But this will answer questions I have about which ports are hotplug
bridges and other things.

Okay, I added the following test cases:

e) Kernel Parameter ""
f) Kernel Parameter "pci=nocrs,realloc,hpmmiosize=64M,hpmmioprefsize=1G"

The logs are also included. Please let me know, if I should do any other
tests and provide the logs.

5. There is a good chance it will not even boot since kernel since
around ~v5.3 with acpi=off but it is worth a shot there, also. Since a
recent kernel, I have found that acpi=off only removes HyperThreading,
and not all the physical cores like it used to. So there must have been
a patch which allowed it to guess the MADT table information. I have not
investigated. But now, some of my computers crash upon loading the
kernel with acpi=off. It must get it wrong at times.

Booting this 5.5 kernel with "acpi=off" increases the bootup time quite
a bit. The resources are distributed behind the PLX switch (similar to
using "pci=nocrs" but again accessing the BARs doesn't work (0xffffffff
is read back).
It was only to see if ACPI was part of the issue. You would not run in
production with it off.

What about
pci=noacpi instead?

I also tested using pci=noacpi and it did not resolve the resource
mapping problems.
Sorry if I missed something you said.

Best of luck, and I am interested into looking into this further. :)

Very much appreciated. :)

Thanks,
Stefan

[1] logs.tar.bz2
[2] 5.5.0-rc1-custom-test-c/dmesg.log

 From the logs, it looks like MMIO_PREF was assigned 1G but not MMIO.

This looks tricky. Please revert my commit:
c13704f5685deb7d6eb21e293233e0901ed77377

And see if it is the problem.

I reverted this patch and did a few test (some of my test cases). None
turned out differently than before. Either the resources are not mapped
completely or they are mapped  (with pci=nocrs) and not accessible.

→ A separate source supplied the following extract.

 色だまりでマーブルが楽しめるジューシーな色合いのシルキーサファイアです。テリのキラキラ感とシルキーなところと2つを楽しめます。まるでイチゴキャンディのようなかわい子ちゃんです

It is entirely possible, but because of
the very old code and how there are multiple passes, it might be
impossible to use realloc without side effects for somebody. If you fix
it for one scenario, it is possible that there is another scenario for
which it will break due to the change. The only way to make everything
work is a near complete rewrite of drivers/pci/setup-bus.c and
potentially others, something I am working on, but is going to take a
long time. And unlikely to ever be accepted.

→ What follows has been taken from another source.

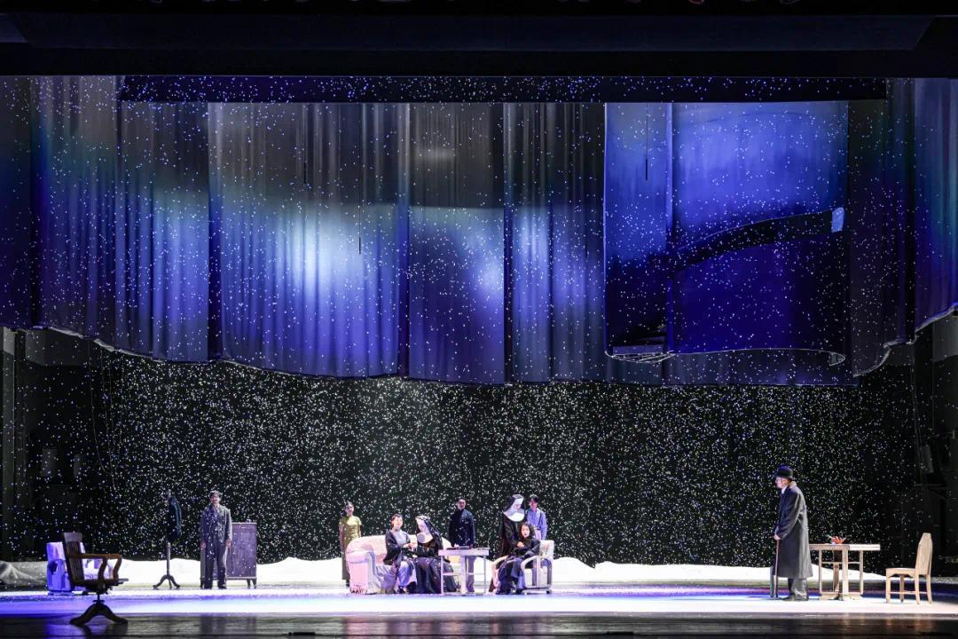 李六乙导演的话剧《雷雨》落幕时,巴赫的圣乐《B小调弥撒曲》伴随着《雅歌》与《启示录》的颂咏声,重叠交替,形成复调。剧中人赞美、祈求,走进渐趋开阔的舞台深处,淡远于天然哀静的漫天飞雪……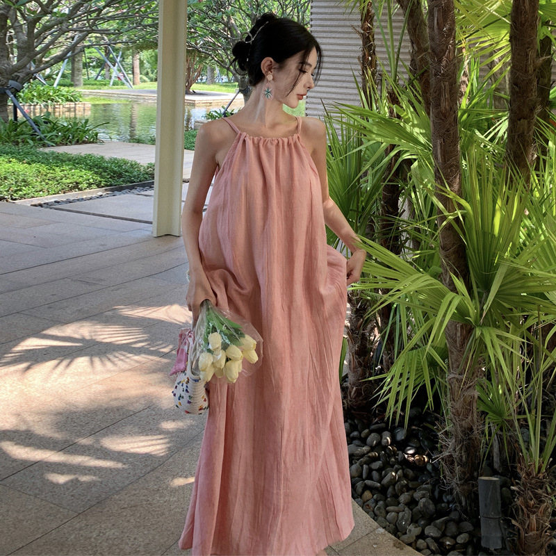 植物染亚麻吊带连衣裙女宽松显瘦大摆裙褶皱无袖削肩长裙

While working on this issue, I looked (again) at this resource (re-)
allocation code. This is really confusing (at least to me) and I also think
that it needs a "near complete rewrite".

Otherwise, it will take me a lot of grepping through dmesg to find the
cause, which will take more time.

Sure.

FYI, "lspci -vvv" is redundant because it can be produced from "lspci
-xxxx" output.

I know. Its mainly for me to easily see the PCI devices listed quickly.

A final note, Epyc CPUs can bifurcate x16 slots into x4/x4/x4/x4 in the
BIOS setup, although you will probably not have the hotplug services
provided by the PEX switch.

I think it should not matter for my current test with resource assignment,
how many PCIe lanes the PEX switch has connected to the PCI root port. Its
of course important for the bandwidth, but this is a completely different
issue.

Thanks,
Stefan